▸ **Exercise goal**
Without pictures, output exactly the lines running from the line containing "This all in" to the end of the listing below.

▸ **Dataset excerpt**
****************************************
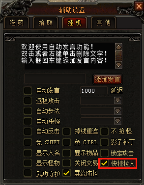 1、快捷拉人:辅助窗口内勾选快捷拉人选项
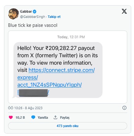 Örneğin Twitter'da Gabbar adını kullanan Hintli girişimci Abhishek Asthana, platformdan 209 bin 282 rupi (yaklaşık 2 bin 500 dolar) kazandığını yazdı.
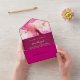 This all in one wedding invitation card is special. You get your invitation card and the RSVP card all in one. You can customise the romantic and elegant wedding invitation card with your Intro, names, occasion, date, adress, rsvp, meals and other background colours to your preferations. Even the image is changeable. It shows a harmonious blend of pink and burgundy tones and it has fitting white and burgundy typography. It is a marble swirl pattern in pink, white, burgundy hues. You can elegant seal and send this trifolded budget wedding invitation. Send the tear off RSVP Postcard back to the sender. Make this special design yours and feel like the prince and princess on your future wedding. Hobinishop
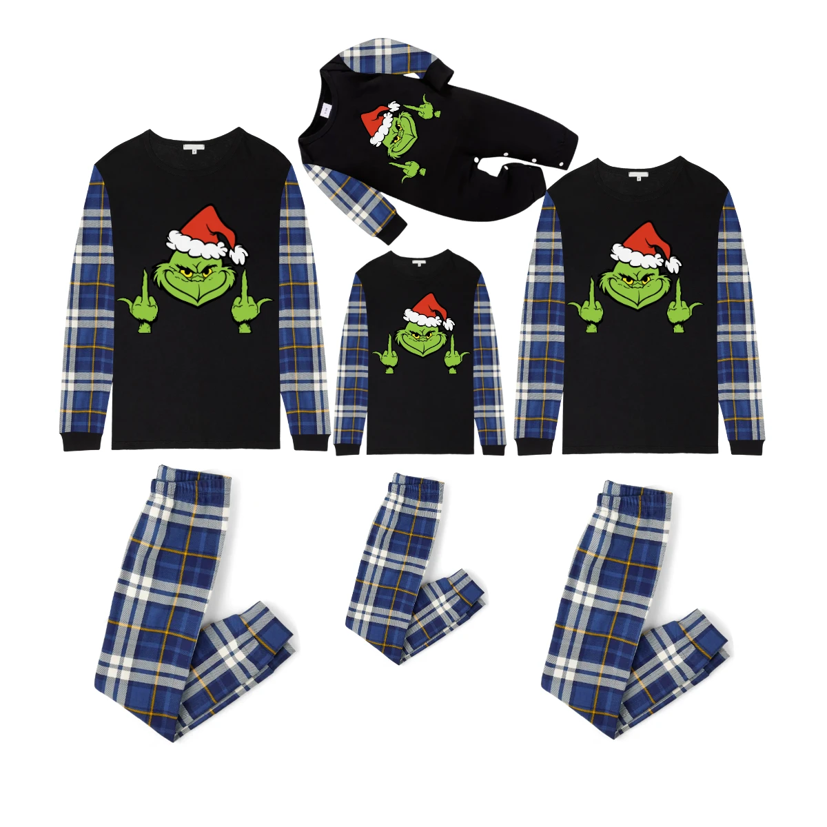 Christmas "2025" Letter Print Black Short Sleeve with Red & Black Plaid Pant Family Matching Pajamas
****************************************
▸ **Solution to the problem**
 This all in one wedding invitation card is special. You get your invitation card and the RSVP card all in one. You can customise the romantic and elegant wedding invitation card with your Intro, names, occasion, date, adress, rsvp, meals and other background colours to your preferations. Even the image is changeable. It shows a harmonious blend of pink and burgundy tones and it has fitting white and burgundy typography. It is a marble swirl pattern in pink, white, burgundy hues. You can elegant seal and send this trifolded budget wedding invitation. Send the tear off RSVP Postcard back to the sender. Make this special design yours and feel like the prince and princess on your future wedding. Hobinishop
 Christmas "2025" Letter Print Black Short Sleeve with Red & Black Plaid Pant Family Matching Pajamas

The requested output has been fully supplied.